Do the loosen-up
Excellent hippie-era groove band the Sons of Champlin reunites for a rare
California tour
By Mindy
Giles
It's a rare
fellow who can say his day job is playing in one of rock music’s
most successful groups--and that his avocation, his “love of the
game” gig, is playing in one of the classic-rock world’s coolest
bands, a rippin’ psychedelic R&B dance group that should have
become commercially huge but never did.
The day job
is with Chicago, and Bill Champlin has been that band’s keyboardist,
who occasionally chips in on guitar and vocals, for 22 years. And the
avocation is a chops-heavy, funky horn band out of 1960s-’70s California
called the Sons of Champlin, which is reuniting this month, sans guitarist
Terry Haggerty, for some California dates.
“It’s
not a purty band, but we play good,” Champlin said of his namesake
band via a transatlantic call from Australia, where Chicago was touring
on a festival bill featuring Robert Cray and Bonnie Raitt.
Champlin,
a handsome soul singer, songwriter, guitarist and Hammond B-3 monster,
was born in Oakland. It’s likely he got some of that East Bay grease
before his family moved uptown, or across the bay to Marin. “I didn’t
grow up next to a Baptist church, but I did grow up next to Village Music
in Mill Valley, where I could get Lou Rawls records,” he bubbled.

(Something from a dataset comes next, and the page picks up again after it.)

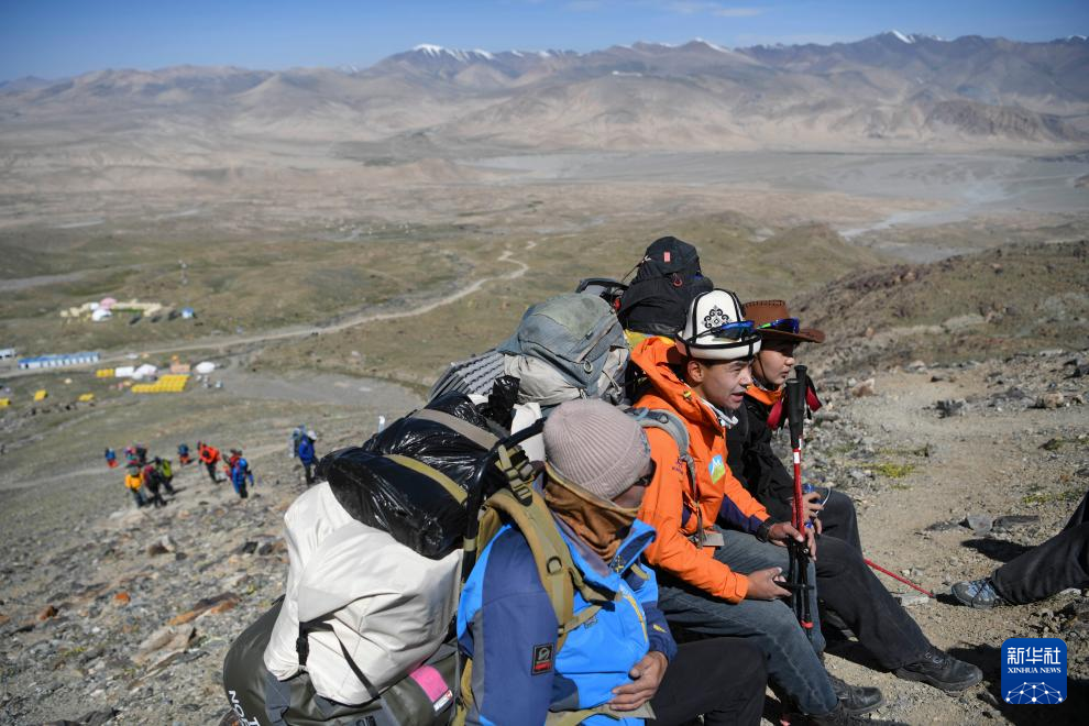 7月4日,上山途中,塔西巴伊(中)和同伴在海拔约4400米的休息点小憩,身后的登山队伍正缓缓而上。新华社记者 胡虎虎 摄

“In one week, Rob Moitoza, my bass player, turned me on to James
Brown, Ornette Coleman, Lightnin’ Hopkins--he changed my life!”
The Sons,
a seven-piece funk-jazz-R&B-rock horn ensemble, swirled magnanimously
out of the powerful (and much loopier) San Francisco psychedelic music
scene, beginning in 1965. They were as famous for their recreational drug
intake as they were for the exhortative spirituality in their lyrics and
their driving, cathartic live shows.
“They
were breathing fire,” Grateful Dead drummer Mickey Hart told the
San Francisco Chronicle’s Joel Selvin in a 1997 interview. “They
were a dance-your-brains-out-all-night band. They played better than anybody
and never made it.”
The Sons’
1968 Capitol debut, Loosen Up Naturally, featured “Get High”

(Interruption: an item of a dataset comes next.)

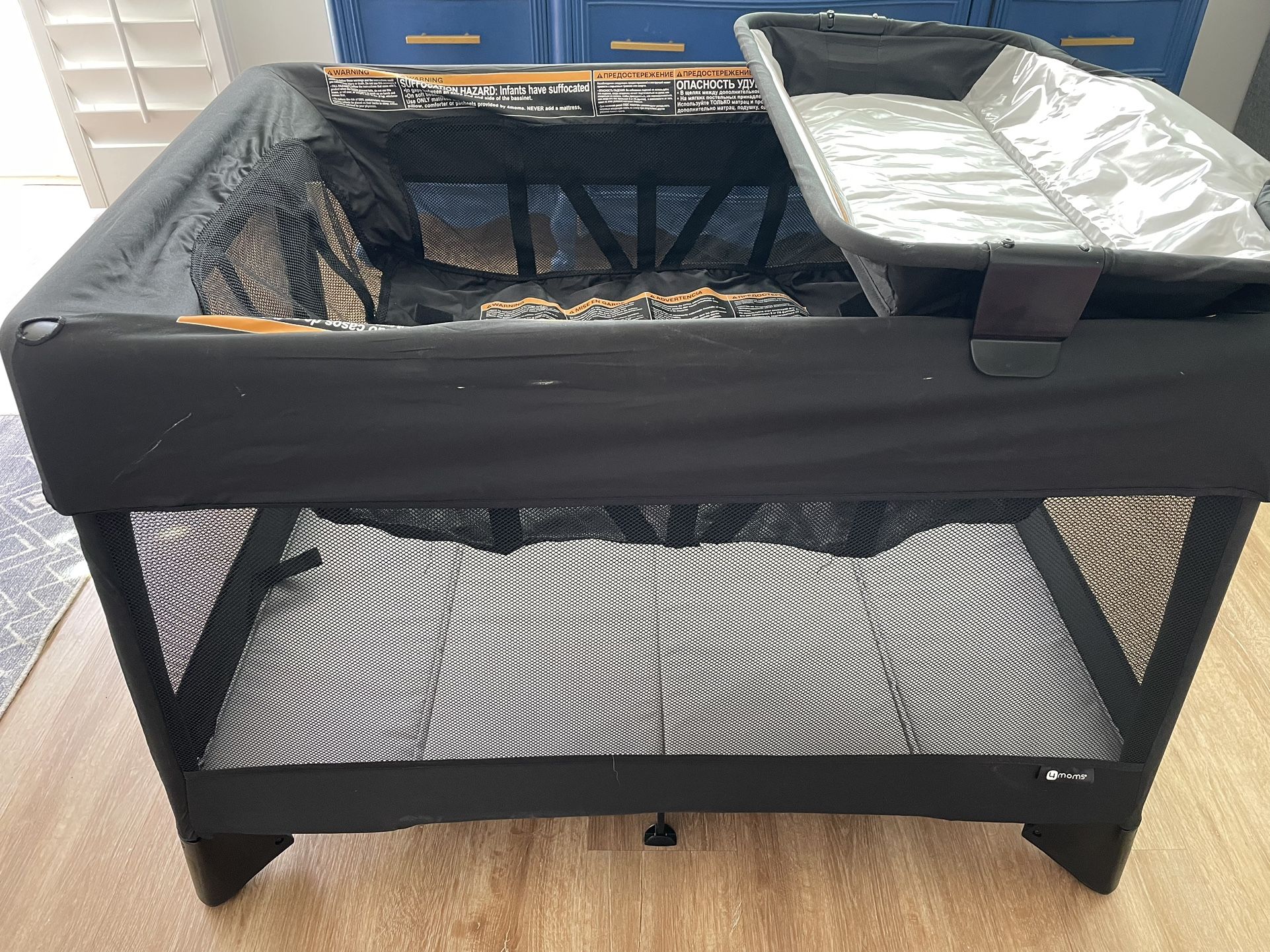 4 moms breeze plus portable 3 in 1 playpen with removable bassinet and changing table. Carrying bag included. Easy setup and breakdown

and “Freedom,” both legendary tracks. “Everyone was
trying to get hits on what was the beginning of FM radio, and we were
putting out 14-minute songs,” Champlin recalled. “We had some
good opportunities; we just kind of snubbed them, ’cause we were
young and dumb, mostly. Music, not business.”
The band
was so into locating its collective third eye back then that, at one point
years later, it changed its name to Yogi Phlegm. “There was such
a desire for self-realization,” said Champlin. “Not so much
from the LSD, but from the talk about LSD. When I wrote ‘Rooftop,’
I was flying in the face of the hippie movement. Meditation was not solving
America’s problems then. And in Marin, eventually, it got to be
a drag. It was like, ‘I’m more egoless than you.’”
The Sons
released seven albums, disbanding in 1978 when Champlin moved to Los Angeles.

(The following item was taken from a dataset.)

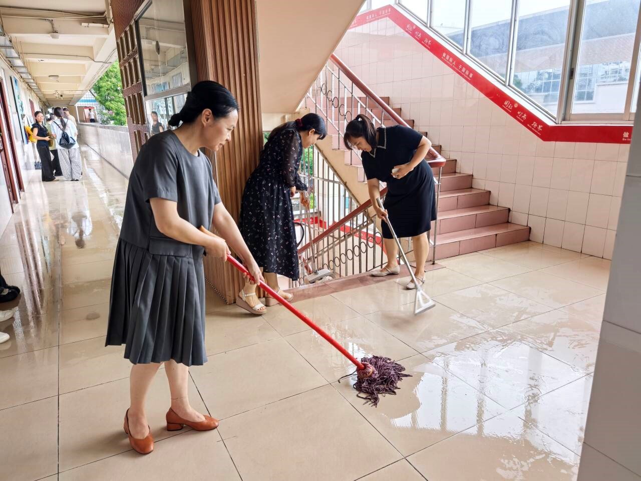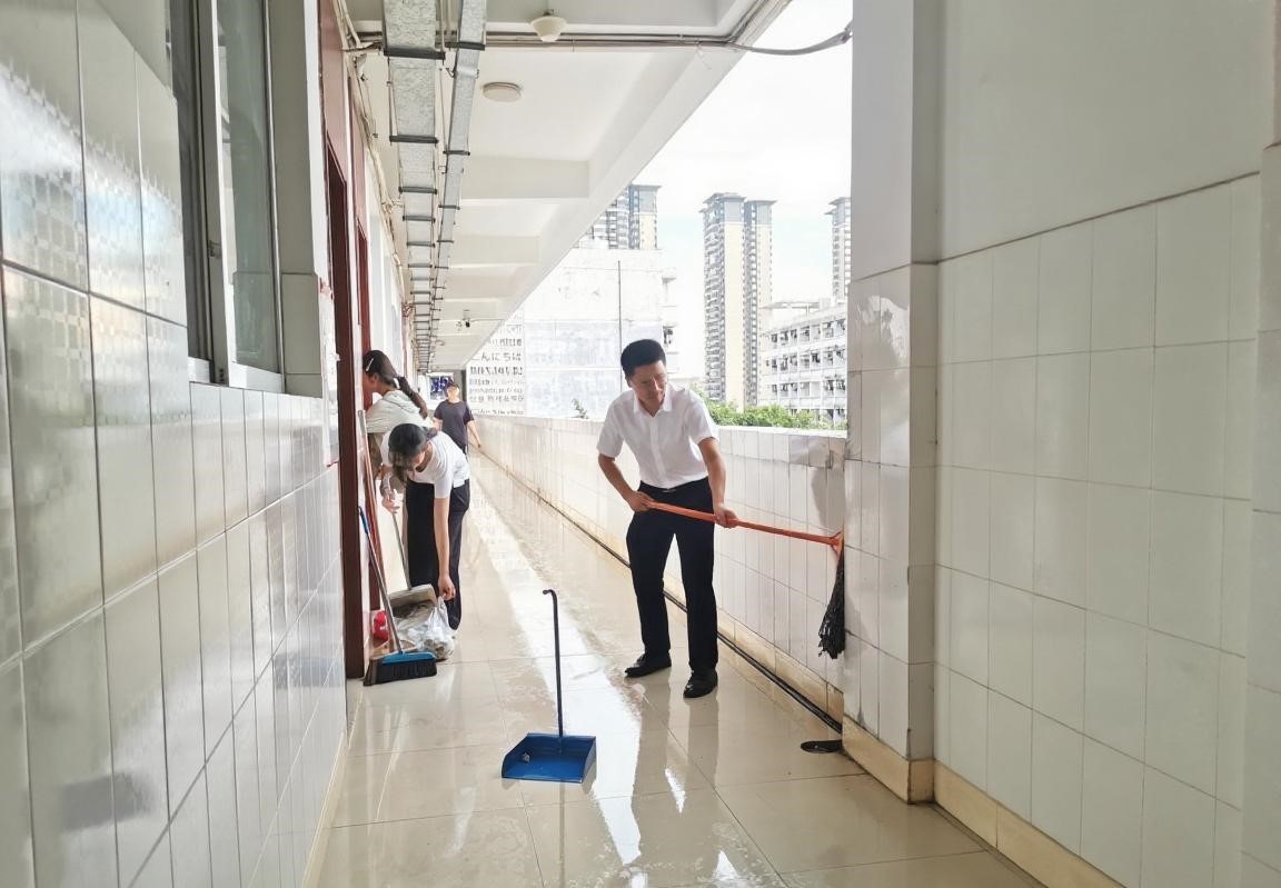 行动迅速,师生携手显担当。大扫除过程中,师生们热情高涨、分工协作。在公共区域,大家对走廊、过道进行了细致清扫,将地面杂物、灰尘一一清除,重点对阳台、楼道、绿化带等易积水的卫生死角进行“地毯式”排查与清理;对于卫生间,重点清理了卫生死角,确保环境整洁无异味。在各办公室,教职工们认真擦拭办公桌椅、门窗玻璃,整理文件资料,让办公环境焕然一新。老师们不仅指挥协调,更带头弯腰清理垃圾、翻盆倒罐清除积水,用实际行动诠释了责任与担当。学生们也充分发挥劳动积极性,主动承担起责任区域的清洁任务,展现出良好的精神风貌。

He soon pulled down two Grammys as best R&B songwriter, for George
Benson’s hit “Turn Your Love Around” and Earth, Wind
& Fire’s “After the Love Is Gone.” Then he was invited
to join Chicago in 1982, and he’s still open about that practical
choice. “I had kids and bills,” he said. In 1997, the Sons
reunited, and Live, on the Grateful Dead’s label, was the result.
Original
members on board for this year’s Sons are bassist Dave Schallock,
drummer Jim Preston and keyboardist and vibraphonist Geoff Palmer. They’re
joined by guitarist Tal Morris, a former student of Haggerty, along with
Tower of Power Horns’ trumpeter and trombonist Mic Gillette and
saxophonist Marc Russo; the latter also played with the Doobie Brothers.
Watch for
Champlin’s “ugly face” in person or on the band’s
new live performance DVD, Secret. “Singing like you don’t
know what you are looking like,” he said, “is the first sign
that something is really about to happen. The face starts going--crunch--and
three bars in, I’m all ugly-faced already.” Champlin laughed.
“It is a thing that takes you away from your self,” he concluded.
“For me, that is what R&B music is all about.”